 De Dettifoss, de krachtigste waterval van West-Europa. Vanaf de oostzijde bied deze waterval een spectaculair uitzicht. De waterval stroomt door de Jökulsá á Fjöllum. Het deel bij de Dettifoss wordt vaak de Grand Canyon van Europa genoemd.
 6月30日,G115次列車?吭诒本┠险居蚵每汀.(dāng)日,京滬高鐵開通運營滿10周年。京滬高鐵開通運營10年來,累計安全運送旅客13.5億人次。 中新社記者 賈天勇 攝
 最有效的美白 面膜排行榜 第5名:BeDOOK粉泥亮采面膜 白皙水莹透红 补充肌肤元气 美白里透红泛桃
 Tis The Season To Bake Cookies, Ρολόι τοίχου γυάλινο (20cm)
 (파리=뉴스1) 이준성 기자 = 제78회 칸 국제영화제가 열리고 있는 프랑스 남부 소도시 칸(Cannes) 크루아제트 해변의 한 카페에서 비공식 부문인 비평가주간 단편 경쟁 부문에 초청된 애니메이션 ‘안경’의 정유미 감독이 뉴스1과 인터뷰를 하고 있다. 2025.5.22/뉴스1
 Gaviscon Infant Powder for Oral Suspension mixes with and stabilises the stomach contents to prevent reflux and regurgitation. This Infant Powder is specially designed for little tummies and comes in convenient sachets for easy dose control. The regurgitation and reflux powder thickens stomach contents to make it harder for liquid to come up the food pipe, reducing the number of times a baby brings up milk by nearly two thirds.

- - - - - - -

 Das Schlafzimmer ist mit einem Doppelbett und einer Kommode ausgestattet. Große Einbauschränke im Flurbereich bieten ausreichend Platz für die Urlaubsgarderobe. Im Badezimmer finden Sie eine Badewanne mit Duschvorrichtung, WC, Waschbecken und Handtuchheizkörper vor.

- - - - - - -

INSTRUCTIONS TO FOLLOW>
Using the entries above, give again exactly the lines from the line holding "Tis The Season" through the line holding "Gaviscon Infant Powder". Include both end lines and nothing else.

EXERCISE RESPONSE>
 Tis The Season To Bake Cookies, Ρολόι τοίχου γυάλινο (20cm)
 (파리=뉴스1) 이준성 기자 = 제78회 칸 국제영화제가 열리고 있는 프랑스 남부 소도시 칸(Cannes) 크루아제트 해변의 한 카페에서 비공식 부문인 비평가주간 단편 경쟁 부문에 초청된 애니메이션 ‘안경’의 정유미 감독이 뉴스1과 인터뷰를 하고 있다. 2025.5.22/뉴스1
 Gaviscon Infant Powder for Oral Suspension mixes with and stabilises the stomach contents to prevent reflux and regurgitation. This Infant Powder is specially designed for little tummies and comes in convenient sachets for easy dose control. The regurgitation and reflux powder thickens stomach contents to make it harder for liquid to come up the food pipe, reducing the number of times a baby brings up milk by nearly two thirds.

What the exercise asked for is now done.